The first incident in the war was the most renowned in the history of the world. If you do not know of it already, you will often hear how Leonidas, with his little Spartan band of three hundred, defended the narrow rocky pass at Thermopylae against the whole Persian army, and how they stood their ground until every man was killed.
The Persians pressed on into the heart of Greece. Athens was abandoned, and then burnt by the conquerors. What made the cause of Greece still more desperate was the dissensions between the Athenians and the Spartans, who insisted upon concentrating their forces to guard their own Peloponnesus. But finally all united in a great battle at Salamis.
The fate of Greece was now to be decided. Xerxes, seated on a jewelled throne that he might witness the victory of his arms, to his bitter dismay saw the terrible and overwhelming rout of his entire army, and returned to Persia with only a ragged remnant of his great host.
Now shall I tell you something more about this great King, and who it was who became his wife after he went back to Persia?

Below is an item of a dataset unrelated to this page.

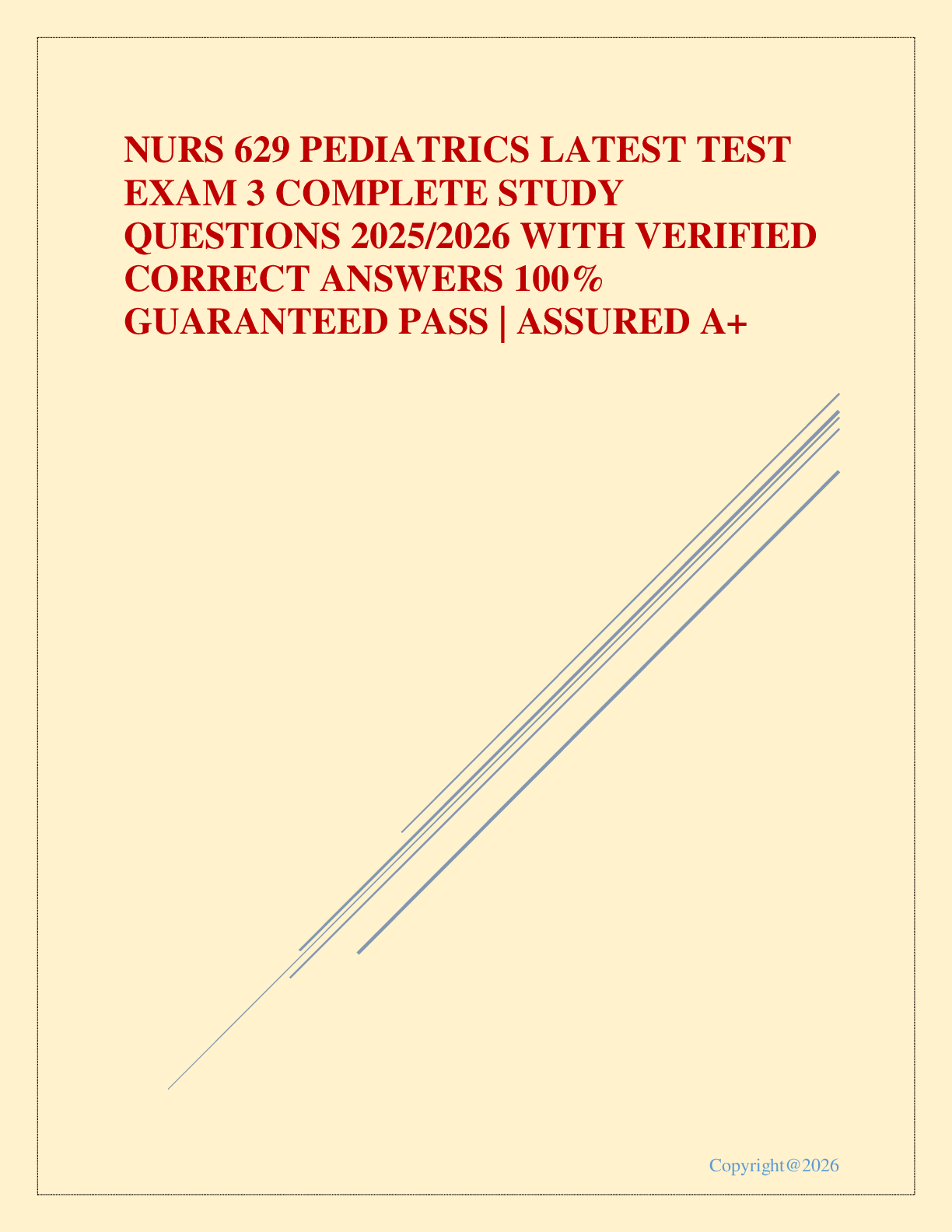 PEDIATRIC NURSING > EXAMs > NURS 629 PEDIATRICS LATEST TEST EXAM 3 COMPLETE STUDY QUESTIONS 2025/2026 WITH VERIFIED CORRECT ANSWERS 100% GUARANTEED PASS | ASSURED A+ (All)

You all know the story. It is one of the most thrilling and dramatic that was ever written. You know about the lovely Jewish maiden who was chosen by the great King to be his wife in the place of Vashti, and how a wicked minister or adviser to the King plotted the downfall of Mordecai, and was then after all compelled to lead him in triumph through the streets, crying, “Thus shall it be done to the man whom the King delighteth to honor!” And how the brave Queen, at the risk of her own life, saved her people from extermination. Well, this great King was Xerxes, and his wife was Queen Esther. And after the war with the Greeks was over, her uncle, Mordecai, was chief officer to the King, and wisely managed the affairs of his great kingdom.